Device 2 took 10128.827148 ms

Device 3 took 10128.791016 ms

Average HtoD bandwidth in MB/s: 3161.981079

Device 0 took 7065.671387 ms

Device 1 took 7282.900879 ms

Device 2 took 7752.532715 ms

Device 3 took 8020.559082 ms

Average DtoH bandwidth in MB/s: 3408.044678

$ ./concBandwidthTest 0

Device 0 took 3372.190674 ms

Average HtoD bandwidth in MB/s: 1897.876099

Device 0 took 2265.299072 ms

Average DtoH bandwidth in MB/s: 2825.234131

$ ./concBandwidthTest 2

Device 2 took 4265.948242 ms

Average HtoD bandwidth in MB/s: 1500.252563

Device 2 took 4011.107178 ms

Average DtoH bandwidth in MB/s: 1595.569458

S2050 (definitely attached with 1 PCIe card for all 4 gpus)

$ ./concBandwidthTest 0 1 2 3

Device 0 took 13472.929688 ms

Device 1 took 13472.834961 ms

Device 2 took 13471.897461 ms

Device 3 took 13452.796875 ms

Average HtoD bandwidth in MB/s: 1900.857056

Device 0 took 7526.878418 ms

Device 1 took 7770.839844 ms

Device 2 took 7898.551758 ms

Device 3 took 8044.792969 ms

Average DtoH bandwidth in MB/s: 3279.698669

$ ./concBandwidthTest 0

Device 0 took 3371.951660 ms

Average HtoD bandwidth in MB/s: 1898.010620

Device 0 took 2267.714844 ms

Average DtoH bandwidth in MB/s: 2822.224365

This is impossible: S2050 (definitely attached with 1 cable for all 4 gpus)

You can have a single DHIC, but still two cables.

OK, I’m just being too imprecise with my terminology.

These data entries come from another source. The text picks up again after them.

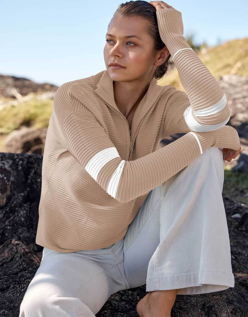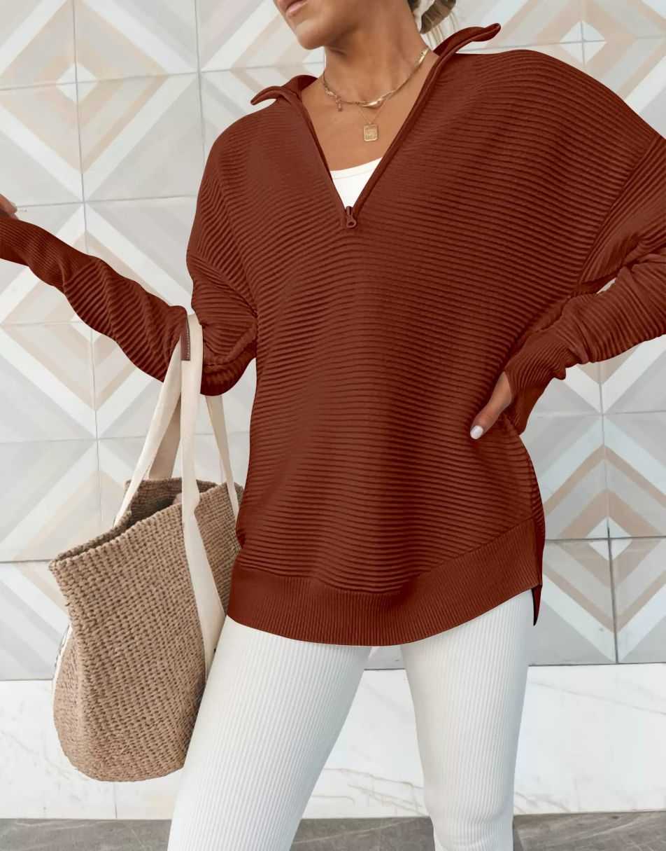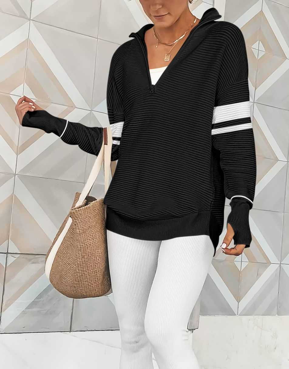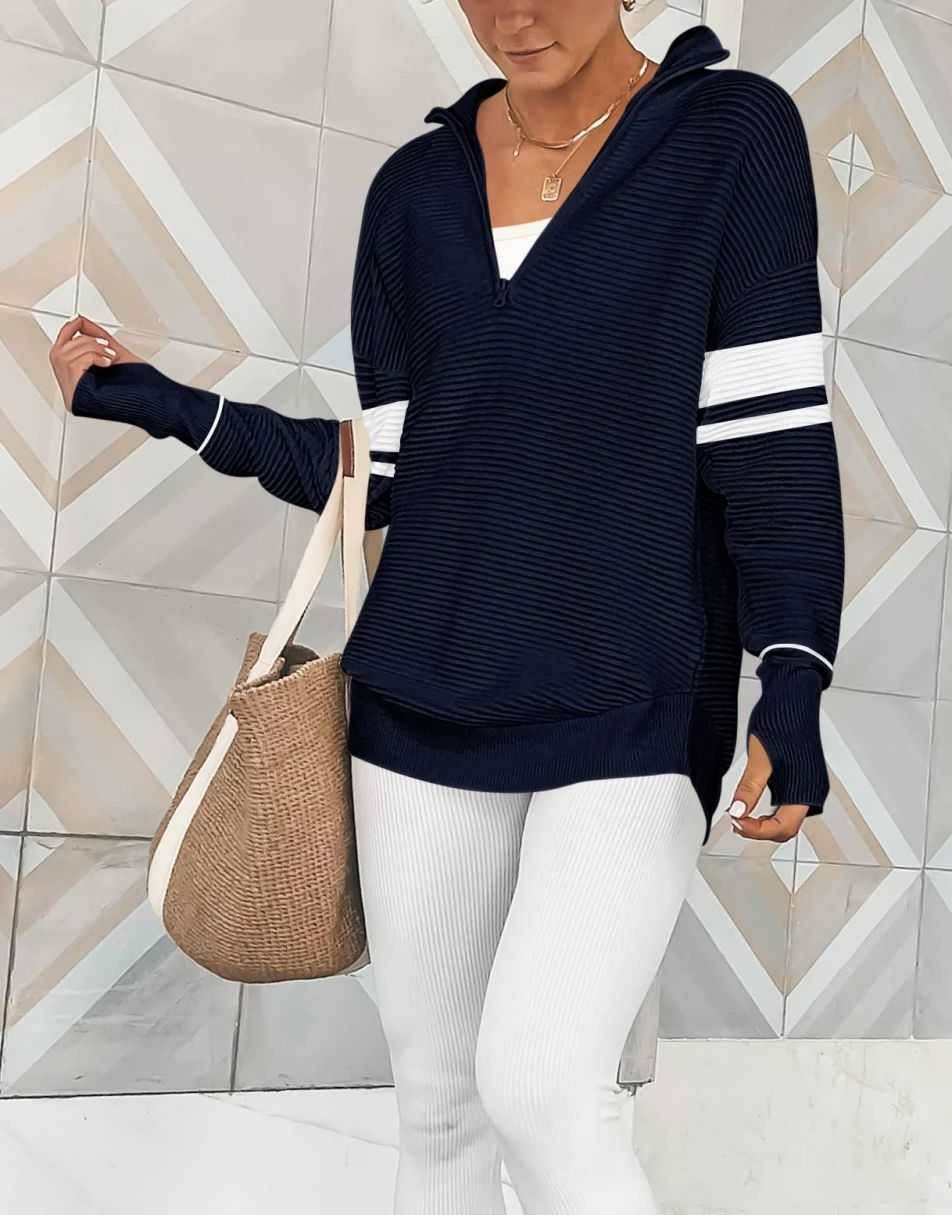 • Match - This Knit Sweater is so preppy and pretty! Designed with a zipper neckline and an loose fit. Styled with the Striped Beanie,Hoop Earrings, Simple Bracelet and Faux Bootie for a fahsion early fall look锛�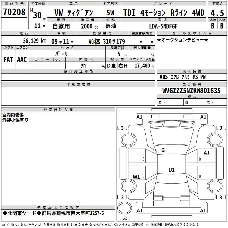 Volkswagen TIGUAN с аукциона Японии TAA Kanto лот № 70208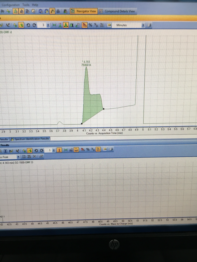 GCMS做的,DB-5ms的色谱柱,DMF,DMSO作为溶剂都试过,一直出现这样的拖尾,求大神帮忙分析一下 发自小木虫IOS客户端 |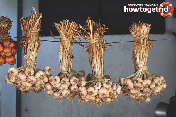 Pour lutter contre les rongeurs, des pièges sont installés. Les murs et les étagères des insectes sont traités avec des agents spéciaux à action dirigée. Si la ventilation n'est pas opérationnelle, cela doit être corrigé. Ensuite, la méthode appropriée est sélectionnée. Par exemple, vous pouvez maintenir le recadrage sous forme d'osier. Autrement dit, les tiges sont enroulées autour de la corde, dans cet état, les têtes d'ail sont suspendues et laissées jusqu'à l'hiver. Si la salle répond à tous les critères, vous apprécierez le légume au printemps et même en été.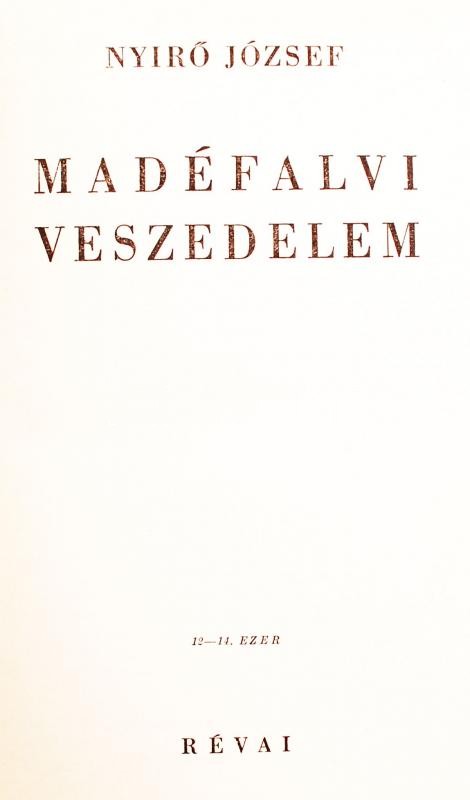 Nyírő József: Madéfalvi veszedelem. Bp., 1939, Révai. A kötéstábla raj... https://www.darabanth.com/de/208-Fernauktion/208.0/Andere-Sammelgebiete/Bucher-Sonstige-Raritaten~30040/Nyiro-Jozsef-Madefalvi-veszedelem-Bp-1939-Revai-A-kotestabla-rajzat-Toncz-Tibor-kesz~II824632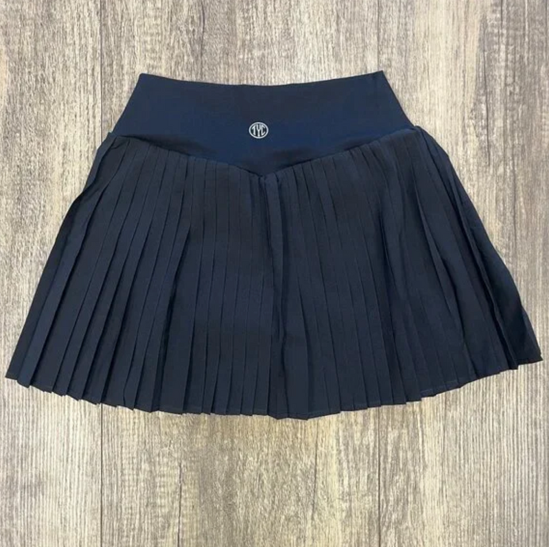 This is a cute pleated skirt with shorts underneath. This is a cute look for tennis or golfing. The shorts are made up of a nylon and spandex blend and the outside skirt is a polyester and spandex blend.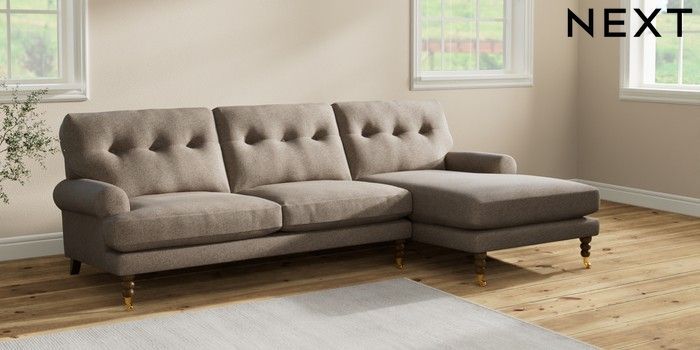 7.2.10 Erin Buttoned Back Deep Relaxed Sit Medium Sofa Chaise - Right Hand Chunky Weave Dark Natural High Classic Turned Brass Castor - Mid | Made Click here to use our website with more accessibility support, for example screen readers
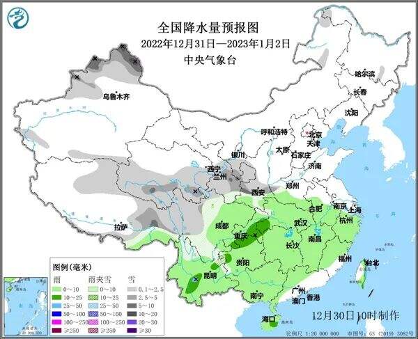 除了降溫外,這股跨年冷空氣還會(huì)給西北、西南等地帶來(lái)陰雨雪天氣。貴州西部、云南東北部等地的部分地區(qū)有雨夾雪,高海拔地區(qū)有凍雨。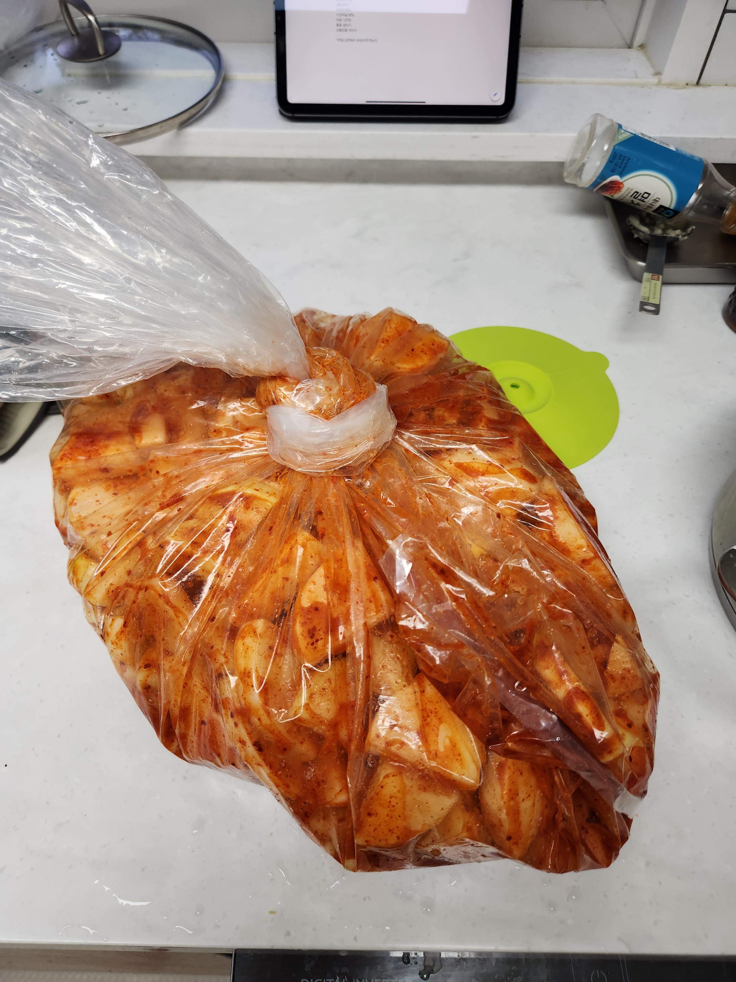 잘 버무린 깍두기를 꽁꽁 싸맨 다음에 이리저리 굴려주며 양념을 더 섞었다.

I don’t actually plug the hardware in (the sysadmins do) so I don’t actually know how many cables there are. What I really mean is one host PCIe port connected to all 4 GPUs (regardless of the number of physical cables). I’ll edit the post to reflect that.

IBM x3455 7940?

As far as I can tell, it has one PCIe 1.x x16 slot (theoretical peak 4 GB/s) and one PCIe 1.x x8 slot (theoretical peak 2 GB/s). And that’s what you’re seeing: the first two GPUs are connected to the x16 slot and the other two are connected to the x8 slot.